When classical guitarist Alexander Dunn moved to Victoria in 1990, he was a well-decorated performer and instructor with a PhD in Musicology from the University of California.
He continued to accrue designations and awards in the decades that followed, but Dunn remained devoted to his students at the University of Victoria and beyond. Dunn, who started in the University of Victoria’s faculty of music in 1991, died unexpectedly Wednesday morning at the age of 68. He leaves behind a robust legacy at UVic, which included building the school’s guitar program into one of the best in the country.
“This is a loss that will be deeply felt by members of our school and the wider music community,” Alexis Luko, director of UVic’s school of music, said in a statement.
In his early teens, Dunn began playing in duos and groups with his cousin, guitarist Robert Ward, around their native San Diego. Though their backgrounds paralleled each other, Ward recalled during an interview with the Times Colonist on Friday that his cousin had gifts that were almost immeasurable. “Even in high school, he was singled out as having a really unique talent,” Ward recalled.
Ward said he and Dunn performed together in Boston on April 20, and the news of his sudden passing still doesn’t add up. Dunn was fine health and good spirits, and played magnificently. “It was a brilliant performance,” Ward said. “We had a great time playing what was a very difficult program.”
Dunn had a wide range of expertise — his doctoral dissertation was on the theorbo, a member of the lute family of instruments — and remained active as a performer locally, nationally, and internationally.
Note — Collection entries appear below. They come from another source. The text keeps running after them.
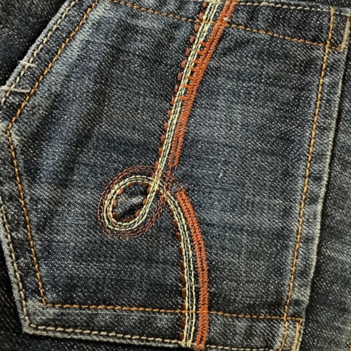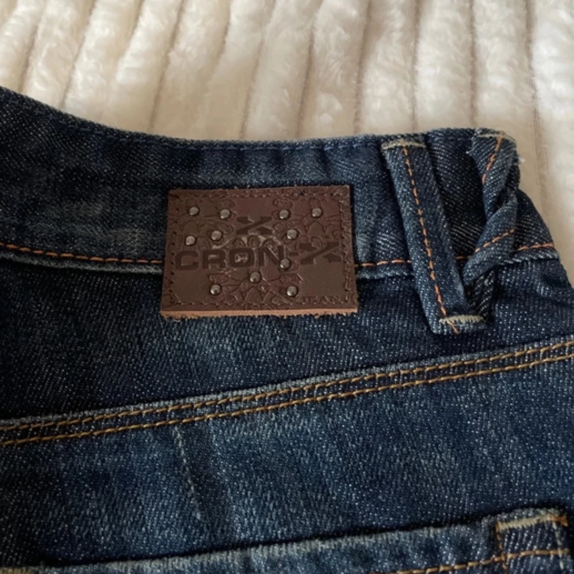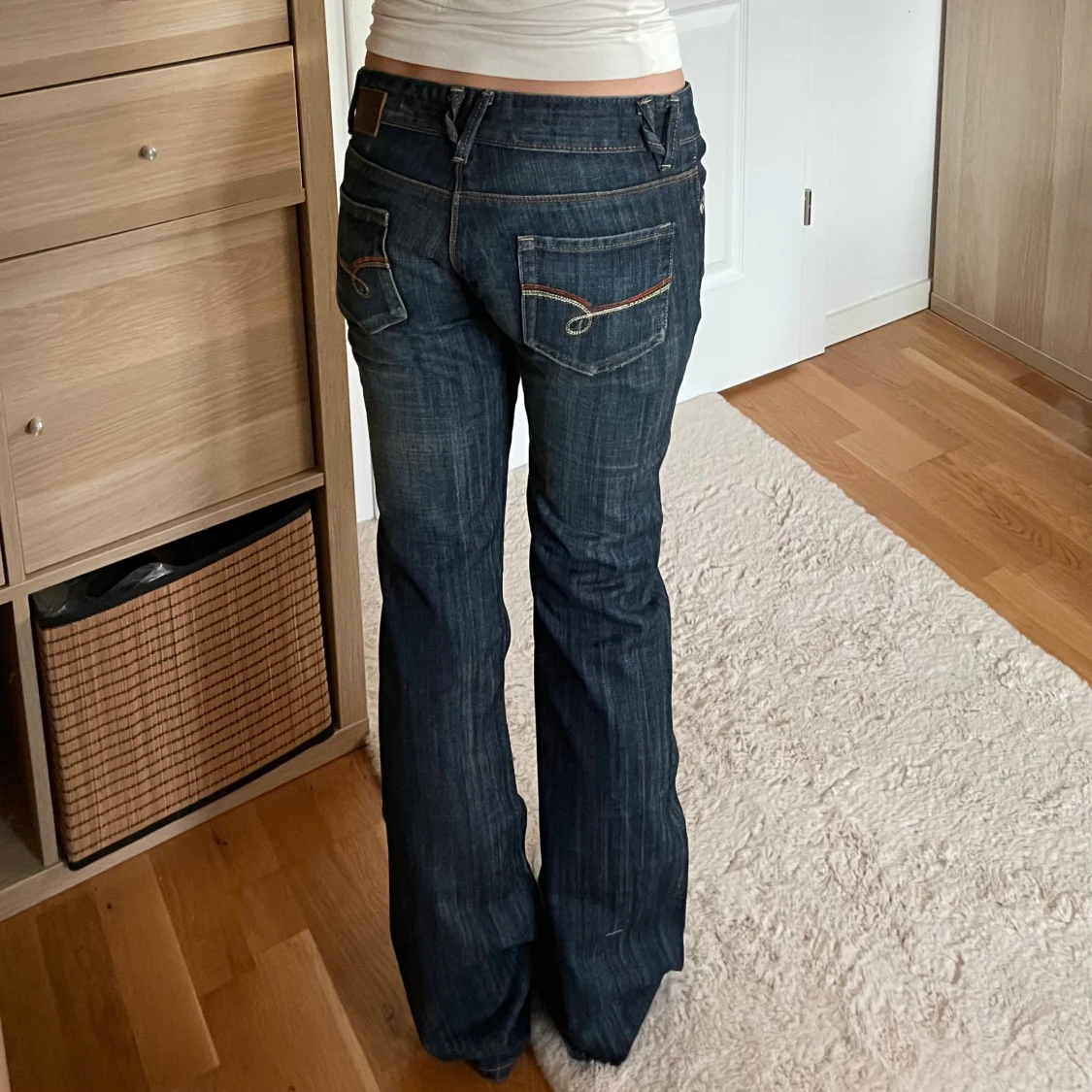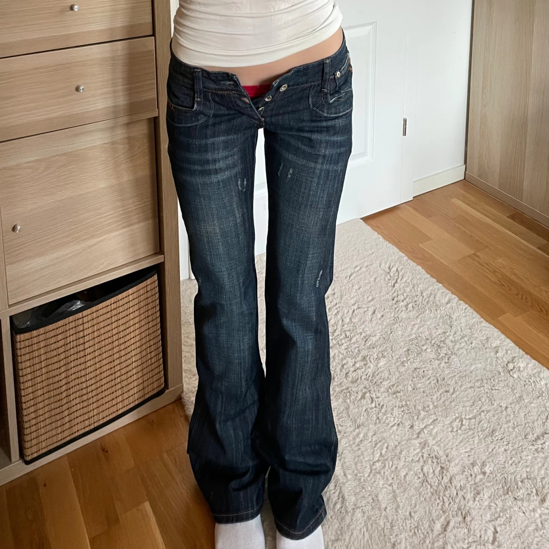 Jätte coola mörkblå lågmidjade utsvängda jeans som är helt oanvända, strl mellan S/XS // midja 36cm tvärsöver, innerbenslängd 86cm
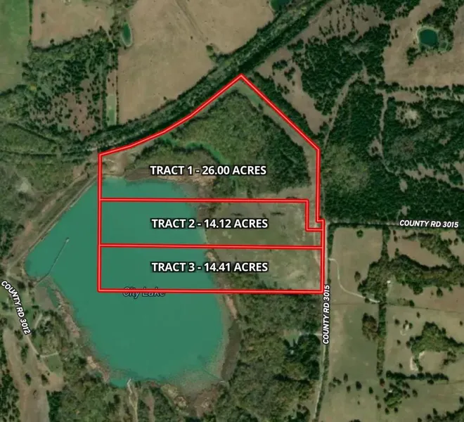 REAL PROPERTY: 54.53 Acre property located on the shore of the 64ac City Lake. Sells divided in 3 Tracts. Prospective Buyers have the option to buy any tract, any combination of tracts or buy all 54.53 acres. Tremendous development potential, extremely private, incredible homesite locations, great views. Enjoy living in the country with shopping, dining, recreation, and entertainment just minutes away. Located less than 5 miles from Bonham Downtown Square with easy access to major highways.
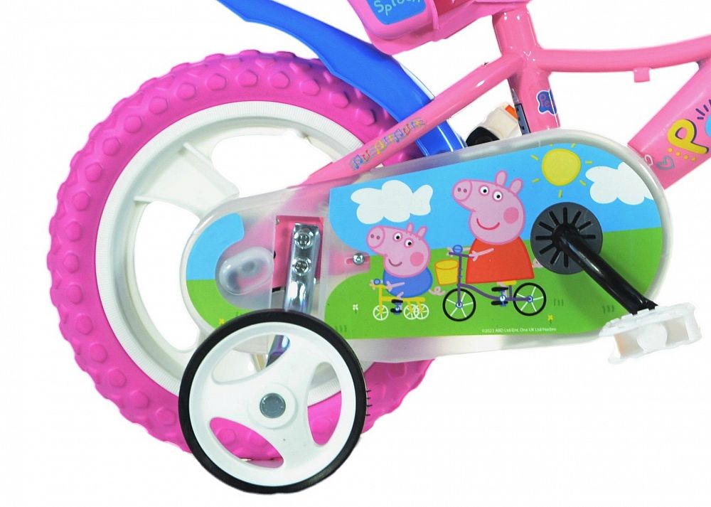 Detský bicykel Dino Bikes s licenčnou potlačou PEPPA PIG (Prasátko Peppa) sa vyznačuje prepracovaným dizajnom dávajúcim bicyklu efektný vzhľad.
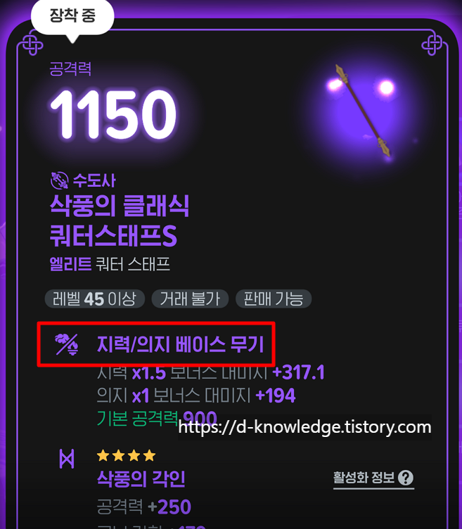 현재 장착하고 있는 무기의 설명을 보면 어떤 능력치 주요 능력치 인지 확인 할 수 있습니다.
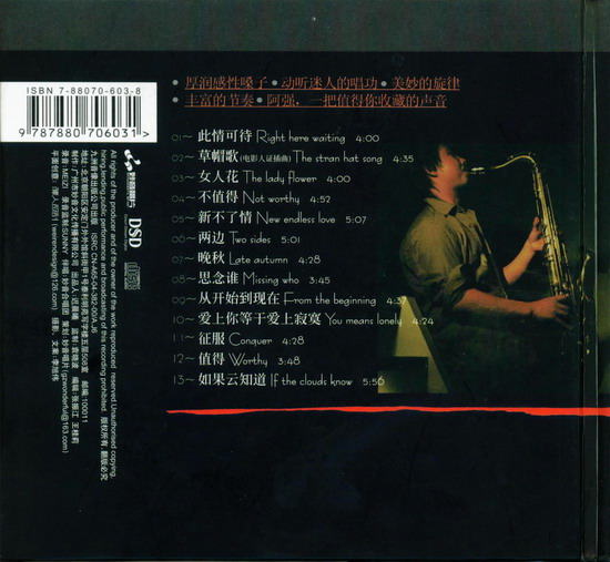 阿强的声音,是那种非常有味道的、磁性的、成熟的声音,不加点缀雕琢夸张和煽情,也没有诡谲奇异。但是他的声音绝不是平板苍白,他的歌声河流里生活的内质沉静丰富蕴藉,那种情感深处的波澜不露声色却汹涌激荡。这样的歌唱已难用圆润厚重来简单地评说。我能做的,就是坐下来倾听,让我的心随着阿强的慢歌散步。窗外的夜色已晚,我在阿强的音乐湖泊里寻找自己的不曾有的浪漫或者有过的故事。
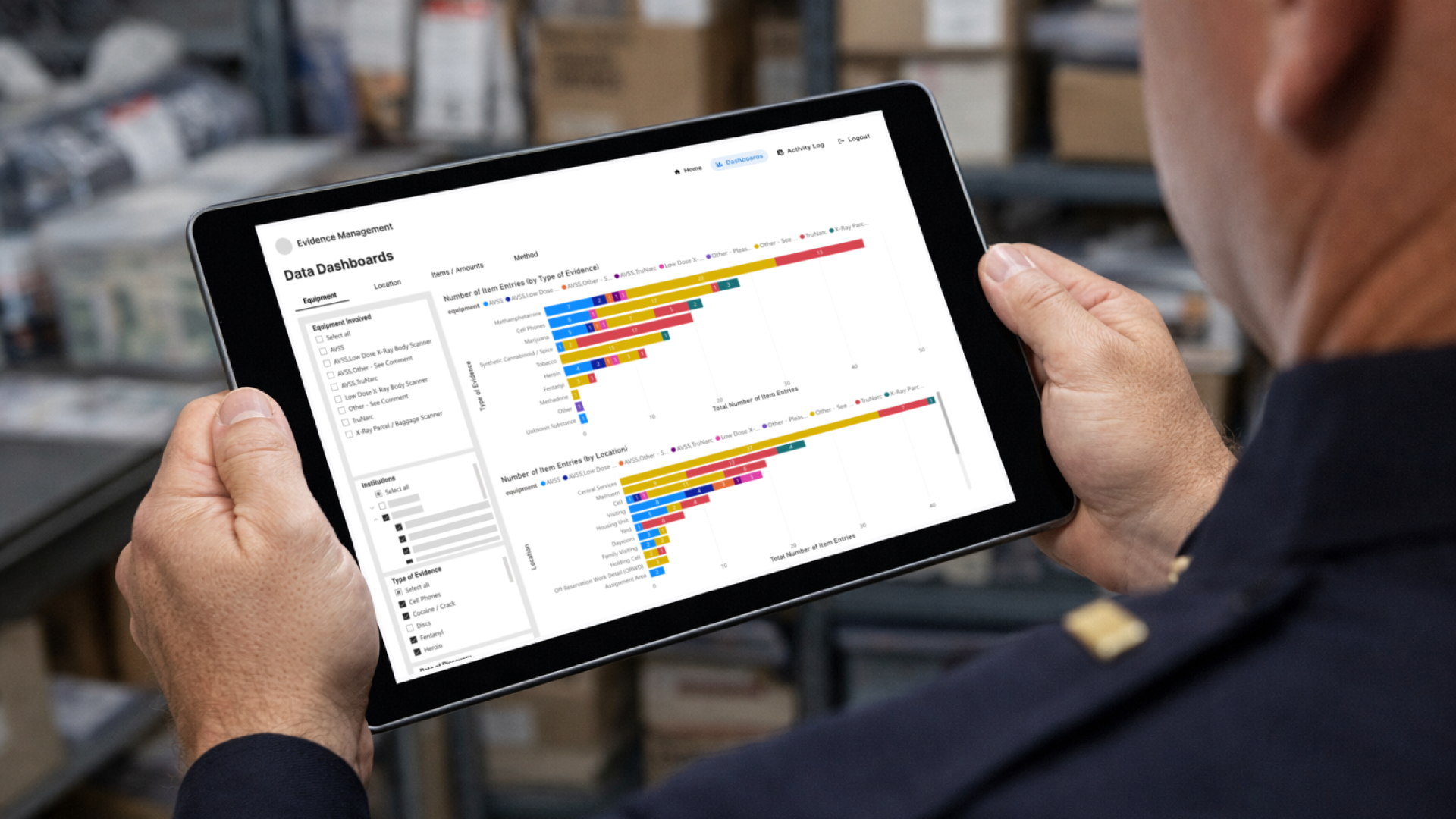 Mock image of a correctional officer using the Evidence Management application on an evidence room tablet.
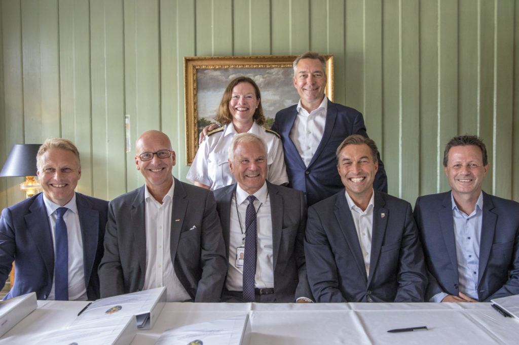 Forsvaret inngår beredskapsavtaler for matvarer 20. august 2019. Avtaleparter er matvaregrossistene NorgesGruppen, COOP, Rema og Servicegrossistene. Forsvarsminister Frank Bakke-Jensen deltok sammen med ledende representanter fra de fire matvaregrossistene. Fra venstre: Trond Bentestuen, adm.dir. Rema 1000, Geir Inge Stokke, konsernsjef Coop, Petter Jansen, administrerende direktør i FLO, Jan van der Burg, adm.dir. Servicegrossistene, og konsernsjef i Norgesgruppen ASA, Runar Hollevik Foto: Ole Berg-Rusten / NTB
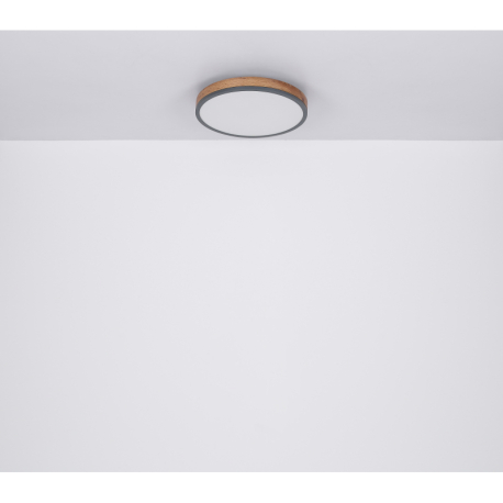 GL-416080WD2R Stropní svítidlo, kov grafit, MDF vzhled dřeva, plast bílý, Ø:45cm, V:9cm, včetně LED 24W 230V, 3200lm zdroj, 1800lm výstup, 3000K -
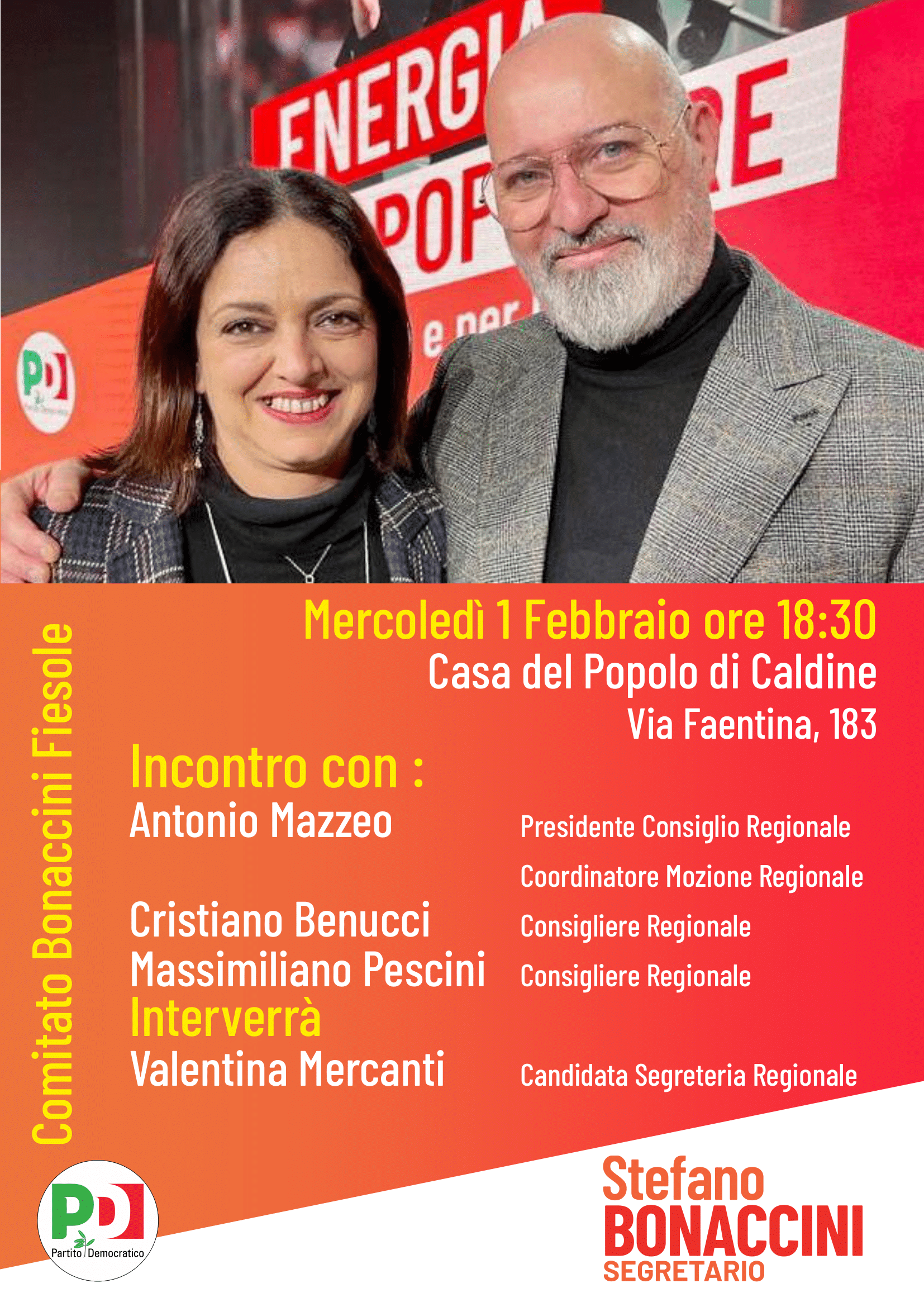 A Fiesole un incontro a sostegno delle mozioni di Stefano Bonaccini e Valentina Mercanti. Appuntamento mercoledì 1° Febbraio alle 18:30, alla Casa del Popolo di Caldine, Via Faentina 183.
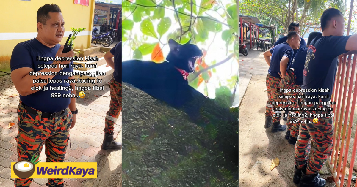 M’sian Firefighters Rush To Rescue Cat Stuck In Tree Only To Find It Chilling By The Beach
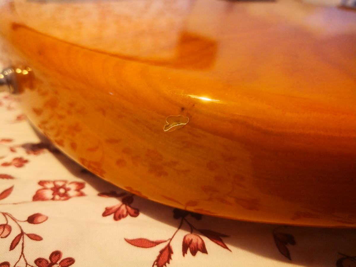 Está en muy buen estado, sólo tiene una chispazo en el cuerpo y la placa metálica trasera tiene una pequeña "rasgadura". Se adjuntan fotos de ambos desperfectos.
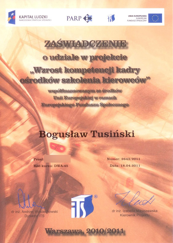 e-academy OSKTUSIŃSKI zaprasza na Certyfikat Kompetencji Zawodowych w przewozie drogowym osób i rzeczy!
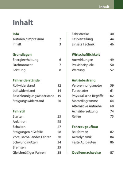 Physikalische Grundlagen rund um den LKW werden ausführlich erklärt. Zahlreiche Methoden wie die effektive Umsetzung des Drehmoments, Roll- und Luftwiderstand, richtiges Schalten, vorausschauendes Fahren und der optimale Reifendruck werden genau erläutert. Diese Tipps können jederzeit im täglichen Einsatz umgesetzt werden und helfen somit die Betriebskosten zu senken.
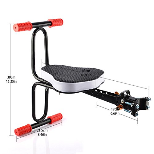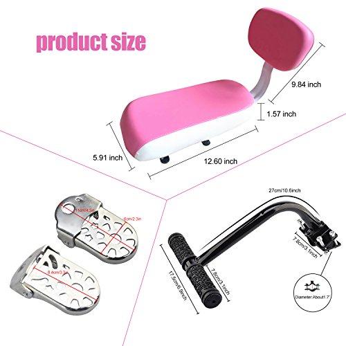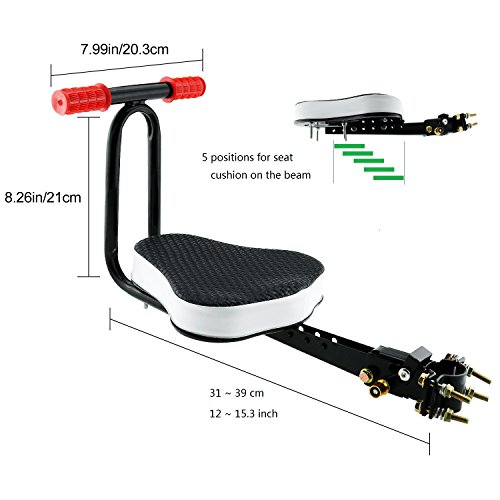 Studio : VEY Publisher : VEY Binding : Misc. Product Description Front Child Bike Seat When it comes to family biking outings as your toddler is still unable to cycle by themselves, it is important to engage them in this type of activity from a young age. Here is our VEY Front Mount Child Bicycle Seat, designed for your baby to biking with you and your family together and enjoy amazing time during their childhood. If you want to give your toddler a rider's-eye view of the road, the VEY Front Bicycle child seat lets you do it in style. Specifications: Color: Black Material: Metal Bearing: 60kg Suitable age: 2.5-7 Years old Product Size: 38*20*23cm Product Weight:1350g Package Dimensions: 40*15*6cm Packing: Bubble Bag Package Content: 1 x Child Bike Seat The installation of the fixed seat stem position width in 3 cm-4.2 cm. If your bike seat post diameter is less than 3 cm, please add a rubber cushion inside the mount circle to make it sturdy. Child Rear Bike Seat Features: 1.Thick sponge provide comfortable feeling. 2.PU fabric can be cleaned more easily. 3.Easy to install on standard Back Seat and universal for most of bike. 4.The wide padded seat and backrest ensures a comfortable riding position.Armrest Size: About 8.66x7.48inch[22x19cm]. Suitable Armrest Install Diameter: 1-1.25inch[25.4mm-31.8mm] Cushion Size: 32*15*4cm / 12.5*5.9*1.6inch. Feetrests Size: About 4.41x2.36inch[11.2x6cm]. 0
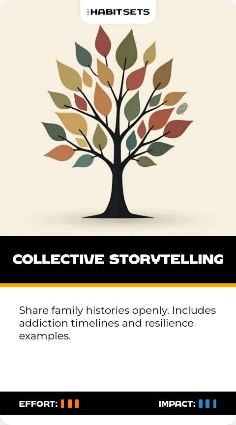 Share family histories openly. Includes addiction timelines and resilience examples.
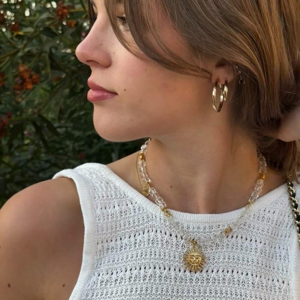 Kryształ górski to minerał o wyjątkowym połysku, a odpowiedni szlif powoduje, że kamienie pięknie odbijają światło i niezwykle zdobią dekolt właścicielki.
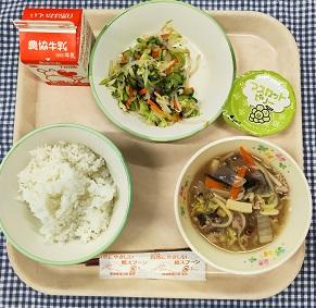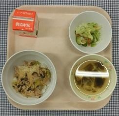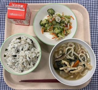 今日の給食献立は、わかめごはん・キャベツとちくわの梅和え・五目うどん・牛乳でした。

He gave concerts on classical guitar all over the world, including South America, Europe, China, Japan, and Cuba.
He was a protégé of flamenco guitar great Pepe Romero, with whom Dunn toured the U.S. as a fill-in member of the Spaniard’s family band, Los Romeros. “His sight reading and analytical skills are phenomenal,” Romero, 80, said in a post on Dunn’s official website.
“One need only to bring up his name in the guitar world, and you will sense immediately the respect he commands.”
Dunn hosted several fundraising concerts by Romero in Victoria, and was instrumental in arranging for his former instructor and mentor to receive an honorary doctorate from UVic. Romero regards Dunn as one of the finest teachers he has encountered.
“When I think of Alex, I think of a musician’s musician — a man who commands a vast knowledge of the repertoire,” Romero wrote. “He seems to know more about lute and early music than most specialists.”
Despite his busy performance schedule, education was a constant in Dunn’s life. He was president and artistic director of the Victoria Guitar Society, where he also taught as a sessional instructor. Dunn held similar posts at the Victoria Conservatory of Music, Toronto’s Royal Conservatory of Music, and the University of California, Irvine, at the time of his death.
Teaching was never far from his mind. “It’s always nice to come back here after being somewhere crazy,” Dunn said, during a 1999 interview with the Times Colonist. “It’s tough to juggle everything. When I travel, I just have to put the [Victoria] students on hold and pay them attention when I get back.”